Initially six tenants will head into the 11-home complex in Granton, Edinburgh, which was unveiled by departing Communities Secretary Angela Constance on May 17. But after the first arrivals move in on July 1, the aim is to fill the community to its 20-person capacity, for an average stay of 12-18 months.
Social Bite’s co-founder, Josh Littlejohn MBE, confirmed that, at first, this time period won’t be rigid – and they will give the villagers time to settle in and adapt to their new environment before moving back into wider society.
“There will be no fixed minimum or maximum stay at first, it will all depend on how long the person needs to transition into permanent accommodation,” he said.
Charity partner Cyrenians will also help residents achieve independency through their support staff on site. Cyrenians chief, Ewan Aitken, said: “When people apply, they apply to be part of a community, they’re not applying for a tenancy.
“Part of being here is hanging out together at the hub, taking care of the environment, cooking together, shopping together. And by looking after each other, the skills of looking after yourself and making change can happen.”
In total, more than 92,000 people have sold The Big Issue since 1991 to help themselves work their way out of poverty – more than could fit into Wembley Stadium.
Village residents will also be given the chance to enrol into the local Edinburgh College, which offers a wide range of courses including glazing, carpentry, stone masonry and heritage construction skills.
Originally funded following by last year’s mass Edinburgh sleep-out Sleep in the Park, the running of the Social Bite village will be aided by this year’s expanded event. The 2018 iteration is taking place on the night of December 8, in Scotland’s four largest cities – Edinburgh, Glasgow, Dundee and Aberdeen.
Amy Macdonald and KT Tunstall are confirmed to play across all four cities, traveling on a helicopter donated for the night. Trainspotting author Irvine Welsh will offer up the event’s bed time story.
“Last year, 8,000 people took part in the world’s largest sleep out in Edinburgh, and raised an incredible £4m in the process,” said Littlejohn, who welcomed Prince Harry and Meghan Markle to the social enterprise sandwich shop in February.
Everyone who gave up their beds for last year’s Sleep Out caused a sea change in Scotland’s fight against homelessness and have funded a raft of major projects, including a major Housing First initiative which is expected to take 800 rough sleepers off the streets by 2020.
“For Sleep in the Park 2018 we’re doing something that has never been done before – a simultaneous multi-city sleep out.
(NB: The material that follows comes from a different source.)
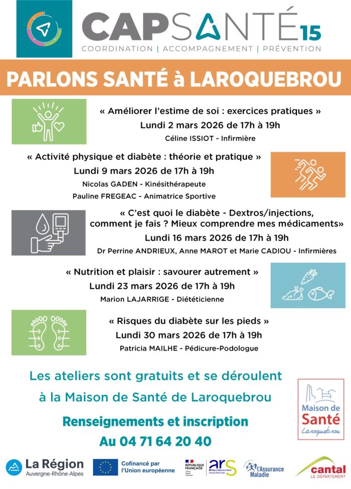 La Maison de Santé de Laroquebrou accueille, tout au long du mois de mars 2026, une série d’ateliers gratuits et ouverts à tous autour du diabète, dans le cadre de l’initiative « Parlons Santé » portée par CAP Santé 15.

We’re asking for 12,000 people in Edinburgh, Glasgow, Aberdeen and Dundee to keep the momentum going and raise £6m,” added Littlejohn.
“We were completely blown away by the thousands of people who joined this movement and supported Sleep in the Park last year. We want to build on this across the whole of Scotland. By organising these events locally, we will invest the funds so that homeless people in those cities are housed and given the support they need to get back on their feet.”